What is being asked: Your output must consist of the records printed verbatim, with the pictures excluded.
▬▬▬▬▬▬
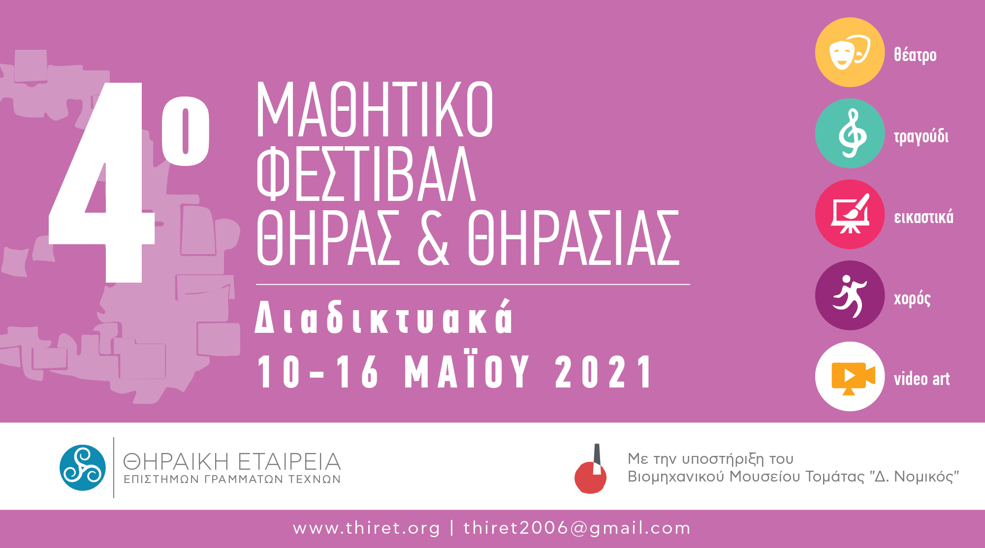 Το 4 ο Μαθητικό Φεστιβάλ Θήρας και Θηρασίας θα πραγματοποιηθεί την εβδομάδα 10-16 Μαΐου 2021. Κατά τη διάρκεια της εβδομάδας αυτής θα προβάλλονται τα έργα και οι δράσεις των παιδιών μας, δίνοντας τους έτσι ένα βήμα για έκφραση, επικοινωνία και αλληλεπίδραση. Η φετινή θεματολογία είναι ελεύθερη, αρκεί να μπορεί να προβληθεί διαδικτυακά.
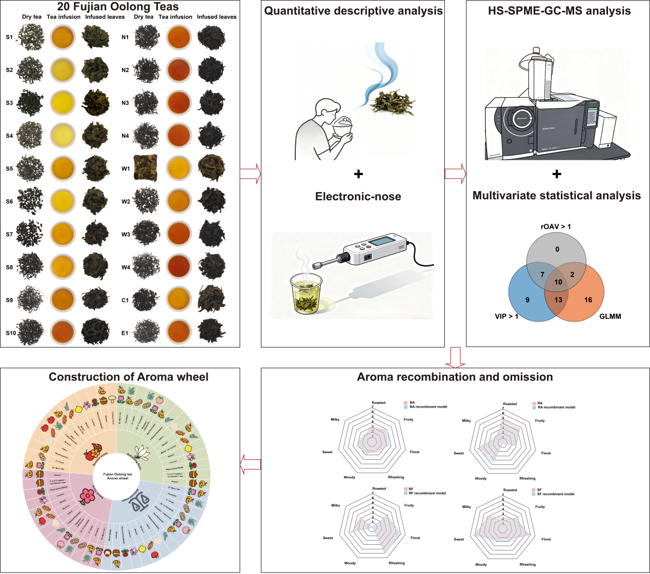该研究不仅揭示了福建乌龙茶香气的化学本质,还为茶叶分级、产品开发和真伪鉴别提供了科学基础。未来,团队计划扩大样本范围,并结合加工过程动态分析,进一步阐明香气形成机制。
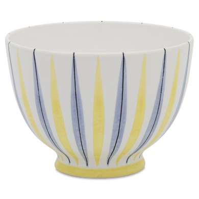 Die Schale von Hedwig Bollhagen mit der Formnummer „549C“ ist die große Schwester der etwas kleineren Schale mit der Formnummer 549B. Charakteristisch ist der kugelförmig-gebauchte, sich nach oben hin öffnende Korpus. Das Gefäß, das die Mitarbeiter der Marwitzer Keramik-Manufaktur auch gerne „Kumpen“ nennen, steht auf einem etwa eineinhalb Zentimeter hohen, zylinderförmigen Fuß. Bei einem Durchmesser von 14 Zentimetern ist die zehn Zentimeter hohe Schale tiefer als ein Teller, aber flacher als eine Schüssel. Und mit einem Fassungsvermögen von einem halben Liter gehört der 400 Gramm schwere Kumpen wohl eher zu den größeren Schalen im Sortiment von Hedwig Bollhagen.
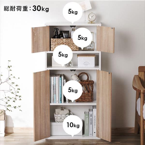 天板/5kg、固定棚板(上)/5kg、固定棚板(下)/5kg、可動棚板/5kg、底板/10kg、全体/30kg
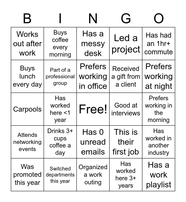This bingo card has a free space and 42 words: Prefers remote work, Prefers working in office, Has a snack stash, Drinks 3+ cups coffee a day, Has worked here 3+ years, Has worked in another industry, Has a work playlist, Has a favorite pen, Has a messy desk, Has 0 unread emails, Prefers working in the morning, Prefers working at night, Has worked here <1 year, Has had an 1hr+ commute, Manager, This is their first job, Bikes to work, Carpools, Runs errands during lunch break, Buys coffee every morning, Buys lunch every day, Played prank on a coworker, Works out before work, Works out after work, Has taken kid to work, Has been employee of the month, Received a gift from a client, Mentioned by name in good review, Was one of the original employees, Worked for a rival company, Mentor, Attends networking events, Part of a professional group, Organized a work outing, Going on vacation soon, Was promoted this year, Switched departments this year, Good at interviews, Bad at interviews, Hired an employee, Led a project and Planned a work party.
▬▬▬▬▬▬
Result of the task:
 Το 4 ο Μαθητικό Φεστιβάλ Θήρας και Θηρασίας θα πραγματοποιηθεί την εβδομάδα 10-16 Μαΐου 2021. Κατά τη διάρκεια της εβδομάδας αυτής θα προβάλλονται τα έργα και οι δράσεις των παιδιών μας, δίνοντας τους έτσι ένα βήμα για έκφραση, επικοινωνία και αλληλεπίδραση. Η φετινή θεματολογία είναι ελεύθερη, αρκεί να μπορεί να προβληθεί διαδικτυακά.
该研究不仅揭示了福建乌龙茶香气的化学本质,还为茶叶分级、产品开发和真伪鉴别提供了科学基础。未来,团队计划扩大样本范围,并结合加工过程动态分析,进一步阐明香气形成机制。
 Die Schale von Hedwig Bollhagen mit der Formnummer „549C“ ist die große Schwester der etwas kleineren Schale mit der Formnummer 549B. Charakteristisch ist der kugelförmig-gebauchte, sich nach oben hin öffnende Korpus. Das Gefäß, das die Mitarbeiter der Marwitzer Keramik-Manufaktur auch gerne „Kumpen“ nennen, steht auf einem etwa eineinhalb Zentimeter hohen, zylinderförmigen Fuß. Bei einem Durchmesser von 14 Zentimetern ist die zehn Zentimeter hohe Schale tiefer als ein Teller, aber flacher als eine Schüssel. Und mit einem Fassungsvermögen von einem halben Liter gehört der 400 Gramm schwere Kumpen wohl eher zu den größeren Schalen im Sortiment von Hedwig Bollhagen.
 天板/5kg、固定棚板(上)/5kg、固定棚板(下)/5kg、可動棚板/5kg、底板/10kg、全体/30kg
This bingo card has a free space and 42 words: Prefers remote work, Prefers working in office, Has a snack stash, Drinks 3+ cups coffee a day, Has worked here 3+ years, Has worked in another industry, Has a work playlist, Has a favorite pen, Has a messy desk, Has 0 unread emails, Prefers working in the morning, Prefers working at night, Has worked here <1 year, Has had an 1hr+ commute, Manager, This is their first job, Bikes to work, Carpools, Runs errands during lunch break, Buys coffee every morning, Buys lunch every day, Played prank on a coworker, Works out before work, Works out after work, Has taken kid to work, Has been employee of the month, Received a gift from a client, Mentioned by name in good review, Was one of the original employees, Worked for a rival company, Mentor, Attends networking events, Part of a professional group, Organized a work outing, Going on vacation soon, Was promoted this year, Switched departments this year, Good at interviews, Bad at interviews, Hired an employee, Led a project and Planned a work party.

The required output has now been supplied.